Tessa, initially appalled at his claims, believes Brian may be an unfortunate physics professor—one who suffered a mental breakdown—but still finds him oddly attractive and engaging.

The plot of Tessa’s “real time” life unfolds dually with the plot of Brian’s life with her—an alternative life that could have been if had she made different choices. The plot, in this respect, is multi-layered, exploring Tessa’s life as it is, and, at the same time, as it could have been.

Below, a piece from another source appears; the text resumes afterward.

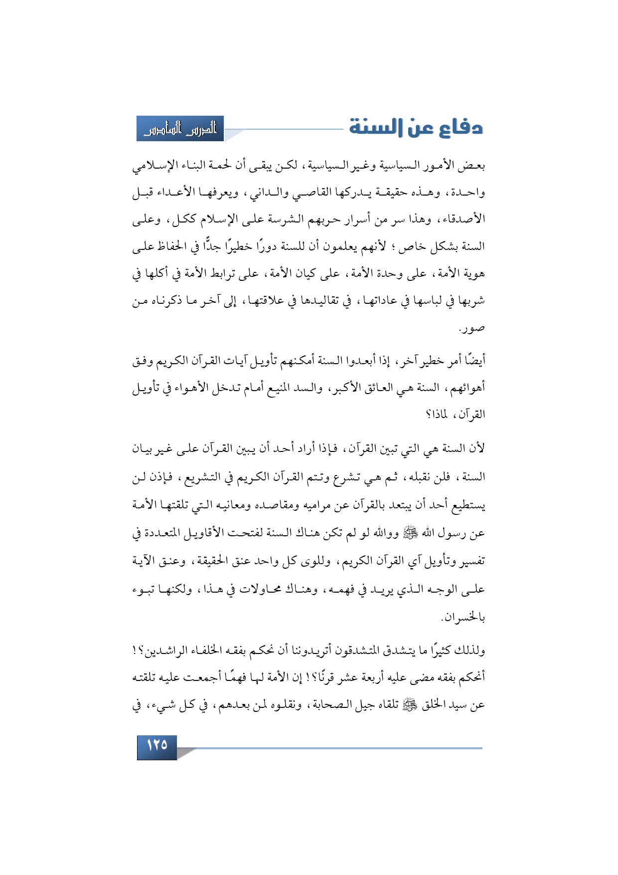 بعض الأمور السياسية وغير السياسية، لكن يبقى أن لحمة البناء الإسلامي واحدة، وهذه حقيقة يدركها القاصي والداني، ويعرفها الأعداء قبل الأصدقاء، وهذا سر من أسرار حربهم الشرسة على الإسلام ككل، وعلى السنة بشكل خاص؛ لأنهم يعلمون أن للسنة دورًا خطيرًا جدًّا في الحفاظ على هوية الأمة، على وحدة الأمة، على كيان الأمة، على ترابط الأمة في أكلها في شربها في لباسها في عاداتها، في تقاليدها في علاقتها إلى آخر ما ذكرناه من صور.

How does Columbia University-educated Tessa fall under seemingly crazy Brian’s spell?  The answer, in part, is that Tessa understands, intuitively, that Brian seeks a primal love, whether he is dealing with reality or simply a wild perception that relieves his own pain and loss. Brian tells her, “It hurts to lose someone you love.”  And: “It hurts so bad you can’t imagine. Sometimes I can’t breathe. The days without you stretch out like an unending wasteland, gray and empty forever. … I only ever wanted to be with you from the moment I met you.”

The unwelcome yet comforting entrance of Brian into Tessa’s life forces her to grapple with emotional issues while she struggles to get by financially.  She’s evicted from her apartment, and her only hope for re-entering her home as a resident again is to cough up $12,000 in back-payments.

The eccentric and deceptively brilliant Brian proves to be a hero and a spiritual protector for Tessa. Whatever or whoever he is—a kook from the homeless streets of New York; an alternate-universe traveling “physics professor” who is searching for his young, dead wife; or a delightful fraud—Brian is a healing force in Tessa’s life.

And this is what this novel is about: healing. Tessa’s life changes once she is loved by a man she connects with, a man who is so unlike her cold, detached ex-husband, David.   But Brian—physics professor at Yale…street person…whoever he is—vanishes from her life as quickly as he came.

His impact on Tessa is profound. Her financial situation improves, she reinvigorates her artistic talents, she gains self-confidence, and, in short, she takes out “a new lease on life.” Her story shows it isn’t time that heals, but love.